Shea, a 1996 graduate of the University of New England spent a decade in the building industry before entering public service. He was city manager in Hallowell from 2008 to June 2011, when he took the Arundel job, reportedly to be closer to his home in Lyman. Shea grew up in Biddeford.

Shea was making $77,000 per year plus benefits as town manager of Arundel. While he declined to say how much he’d make at KLPD, referring the question to the board of trustees, he did allow that, “it is an increase in pay, with some added benefits including performance bonuses.”

Founded in 1893 as a branch of Kennebunk municipal government, KLPD was chartered as an independent entity in 1951. It is one of two light and power districts created by the state legislature, the other being in Van Buren. A consumer-owned, nonprofit, KLPD supplies electricity to 6,599 customers in Lyman, Wells and Arundel, as well as most of Kennebunk.

KLPD was besieged by rumors in Jan. 2014 that it had been taken over by Central Maine Power. Kennebunk Police said phone calls made to KLPD customers at the time to “resolve client debts” were part of a scam designed to collect credit card information.

On Jan. 1 KLPD rates were slated to go up 2¢, to 8.5¢ per kilowatt hour. Staz told the Post in November that the average KLPD residential customer uses 750 kilowatt hours of energy per month, equating to an expected average rate increase of $15.43 per month.

“The energy industry as a whole is being challenged because of the high cost of production,” said Shea. “So, I’m excited about helping them [KLPD] find new sources of revenue. I will do my best to be a steward of the history of the district while simultaneously looking ahead to the future.”
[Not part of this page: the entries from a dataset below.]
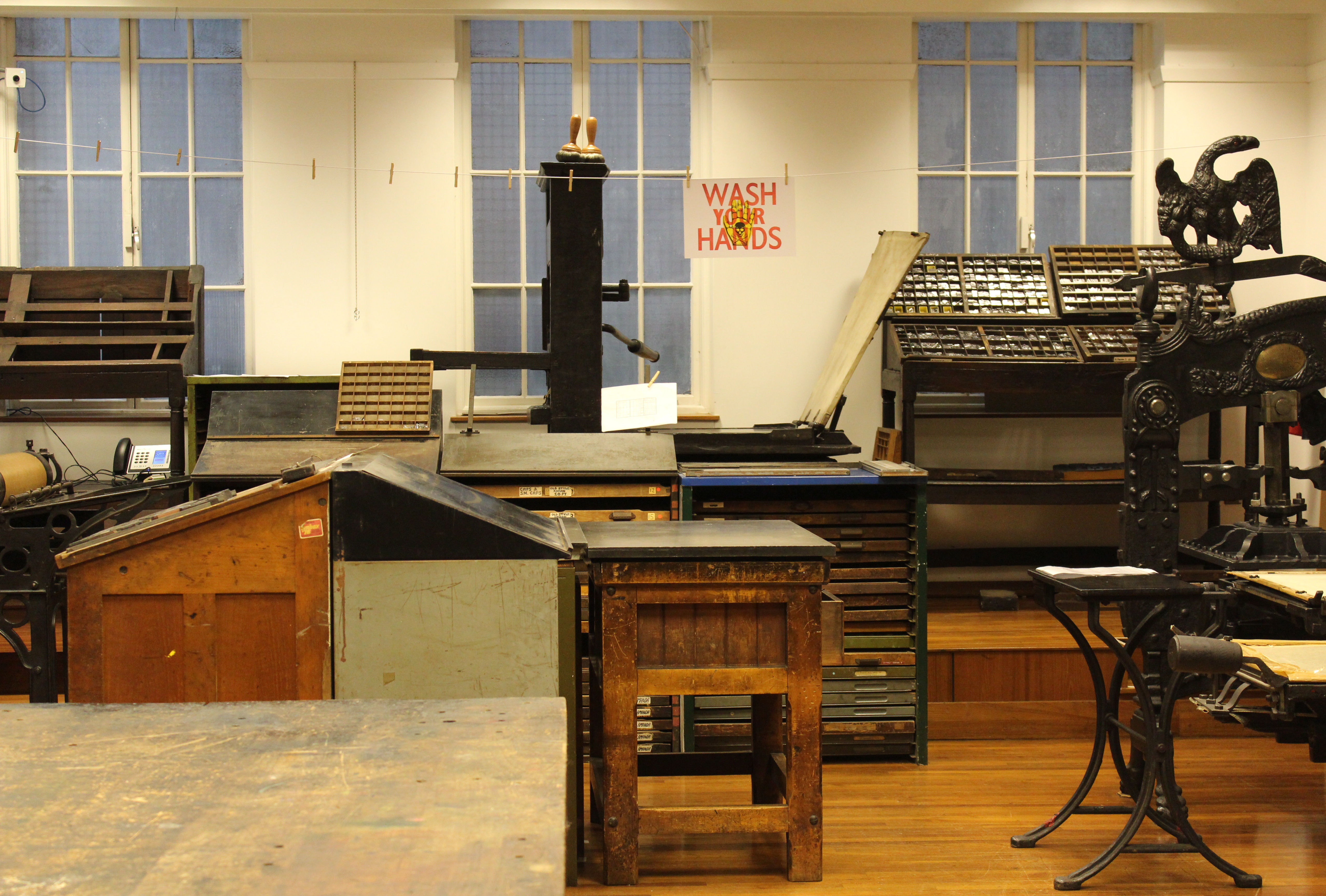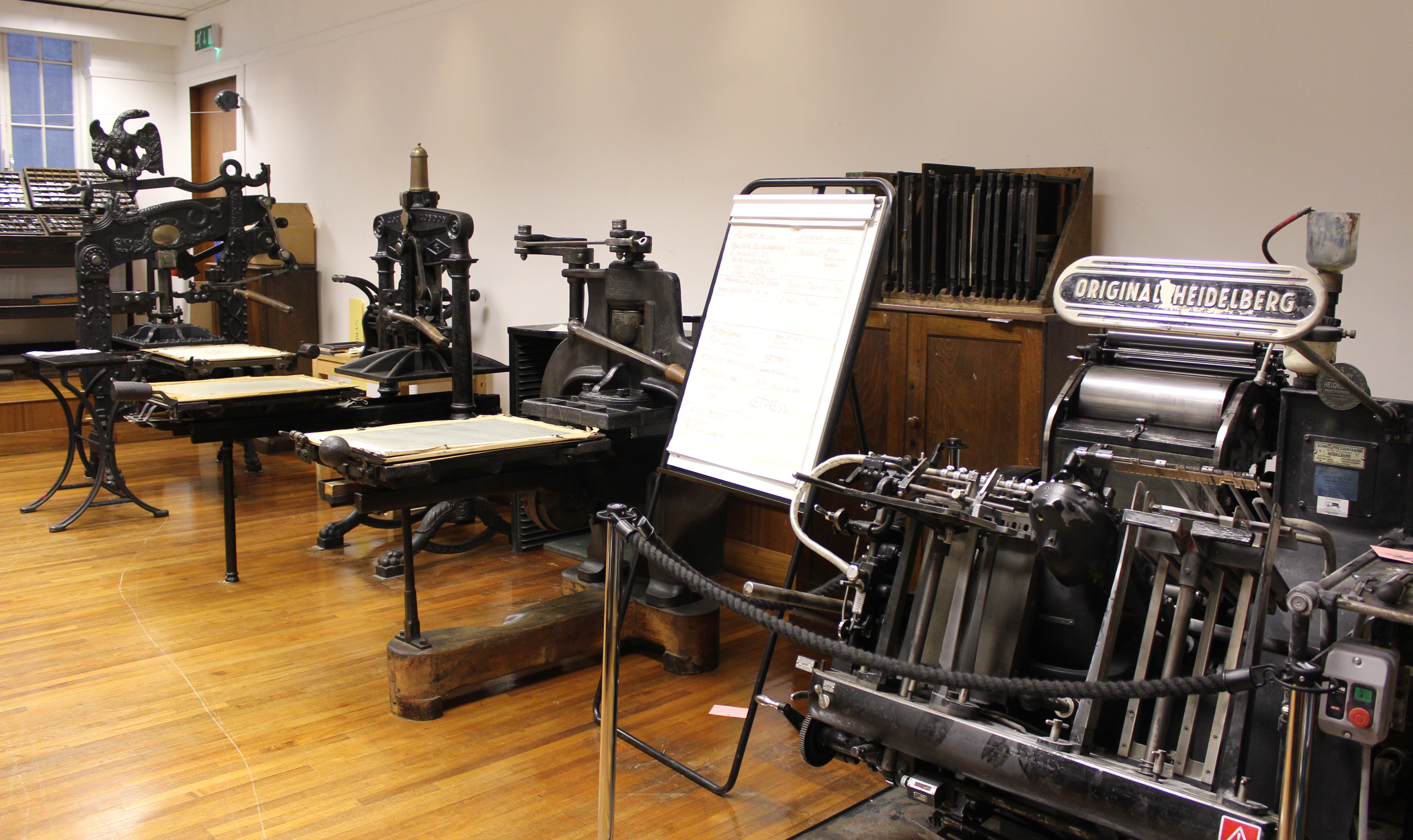 As the door to today’s print workshop opens, you are swiftly transported back to the days of the dominance of the printing presses via the strong smell of ink that permeates the space. This is a most atmospheric place – once the Foundation’s gymnasium – with its old presses lining the room. The oldest is a Common Press machine, whose frame possibly dates back as far as the 16th century. A compositor’s case from Oxford University Press in the corner dates from 1668, the extensions attached to its legs a testament to the ever-growing height of the human race.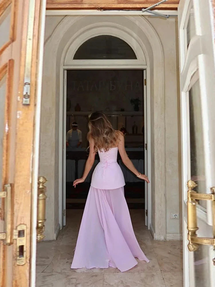 Zuzanna | Sukienka dla kobiet bez ramiączek z rozcięciem, długa, na wesele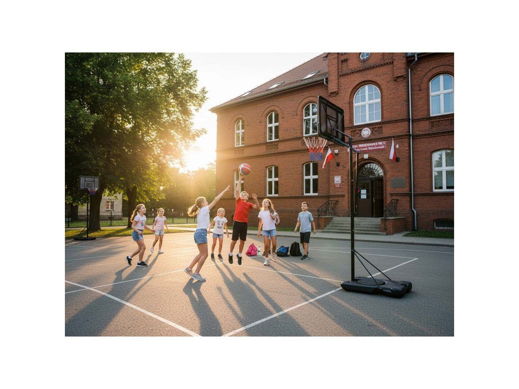 Două roți de transport solide din bază fac mutarea coșului o chestiune de secunde. Din teren pe alee, din garaj în spațiul de joacă al cartierului – fără ridicare, fără complicații. Pur și simplu îl împingi și joci.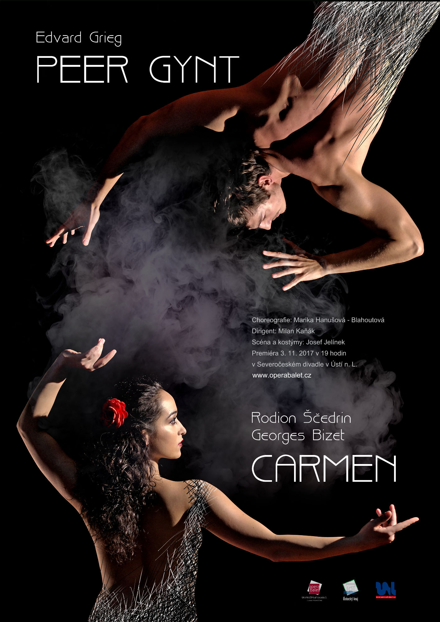 OSOBY A OBSAZENÍ:PG - Peer Gynt: Róbert Király / Roberts SkujenieksPG - Solveig (dívka a strážný anděl): Annamaria Voltolini / Emmeline JansenPG - Ase (matka): Elena Mazanova / Frederika KvačákováPG - Ingrid (nevěsta): Olivia LenssensPG - Ženich: Salvador Sasot SellartPG - Anitra: Zuzana Novoborská / Blanka TasiPG - Knoflíkář, Smrt: Vladimir GončarovPG - Král trolů: Pavel Enekeš / Francesco CalipariPG - Dcera krále trolů: Eliška ČernohlávkováPG - sbor ženy: Sabína Babišová / Linda Buňková / Eliška Černohlávková / Kateřina Kapitánová / Frederika Kvačáková / Olivia Lenssens / Mizuho Nagata / Blanka Tasi / Zuzana NovoborskáPG - sbor muži: Lorenzo Colella / Salvador Sasot Sellart / Roberts Skujenieks / Francesco Calipari / Roman Soviar / Pavel EnekešCA - Carmen: Frederika KvačákováCA - José: Róbert KirályCA - Escamilio: Roberts SkujenieksCA - Manžel: Vladimir GončarovCA - Věštkyně: Elena MazanovaCA - sbor ženy: Sabína Babišová / Linda Buňková / Eliška Černohlávková / Emmeline Jansen / Kateřina Kapitánová / Olivia Lenssens / Mizuho Nagata / Zuzana Novoborská / Blanka Tasi / Annamaria VoltoliniCA - sbor muži: Lorenzo Colella / Salvador Sasot Sellart / Roman Soviar / Pavel Enekeš / Francesco Calipari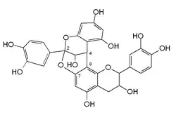 8. ^ Kondo, Kazunari; Kurihara, Masaaki; Fukuhara, Kiyoshi; Tanaka, Takashi; Suzuki, Takashi; Miyata, Naoki; Toyoda, Masatake (2000). "Conversion of procyanidin B-type (catechin dimer) to A-type: Evidence for abstraction of C-2 hydrogen in catechin during radical oxidation". Tetrahedron Letters. 41 (4): 485–488. doi:10.1016/S0040-4039(99)02097-3.

Now, Arundel must look to the future as well.

“I believe that Todd has been very good for the town of Arundel. He’s a good-natured, level-headed individual and is very approachable,” said Dubois. “His enthusiasm has a way of brightening up the room and those traits have made him an excellent manager for the town of Arundel. Todd has done an excellent job in keeping taxes flat while continuing to push to build our capital projects fund for town infrastructure. His services will truly be missed.”

Selectman Thomas Danylik said Shea submitted his resignation Dec. 22. His last day with the town will be Jan. 30.
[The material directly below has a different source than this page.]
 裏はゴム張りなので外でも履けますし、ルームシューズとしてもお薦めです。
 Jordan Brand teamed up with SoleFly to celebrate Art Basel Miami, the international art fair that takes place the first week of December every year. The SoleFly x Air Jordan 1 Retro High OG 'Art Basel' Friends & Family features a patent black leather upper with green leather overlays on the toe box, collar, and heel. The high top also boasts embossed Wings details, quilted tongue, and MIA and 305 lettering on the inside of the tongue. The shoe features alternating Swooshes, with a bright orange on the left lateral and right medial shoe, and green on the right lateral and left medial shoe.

Danylik, who spearheaded the last town manager search in Arundel, has already got the ball rolling on a new effort. A human resources consulting agency will be contracted to help with the selection process, he said.

“I’m not sure we’re going to have time to go through the formal bid process, but I have already contacted several firms and asked them to submit proposals,” said Danylik, “We’d like to have someone in here, the sooner the better, but you don’t want to make a hasty decision, either, in this context.
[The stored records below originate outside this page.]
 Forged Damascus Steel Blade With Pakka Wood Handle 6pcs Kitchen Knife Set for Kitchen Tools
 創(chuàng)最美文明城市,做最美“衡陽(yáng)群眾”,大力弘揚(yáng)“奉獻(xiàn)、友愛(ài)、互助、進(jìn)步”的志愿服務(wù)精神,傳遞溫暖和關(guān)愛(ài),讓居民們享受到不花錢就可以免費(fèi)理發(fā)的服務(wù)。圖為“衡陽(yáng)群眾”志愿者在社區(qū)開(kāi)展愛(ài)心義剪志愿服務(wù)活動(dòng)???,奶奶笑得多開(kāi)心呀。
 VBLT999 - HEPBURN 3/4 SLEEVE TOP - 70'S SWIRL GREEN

“I really anticipate that we’ll need an interim [town manager,” said Danylik, adding, “This is just my personal view, but I think the board was very satisfied with the work Todd provided and the direction he took us in.”

Asked what qualities he’d most like to see in Shea’s replacement, Danylik said it comes down to dollars and cents, along with a healthy supply of good ol’ common sense.

“First and foremost, I’m looking for someone with a handle on budgetary matters, someone who can handle personnel matters, and someone who can handle the public, and by handle I mean be respectful while at the same time implementing the policies of the board in way that is evenhanded to everybody.”

For his part, Shea is rooting for the town to find exactly that.

“Arundel it is great community,” he said. “Hopefully someone in this industry will see that and want to come here.”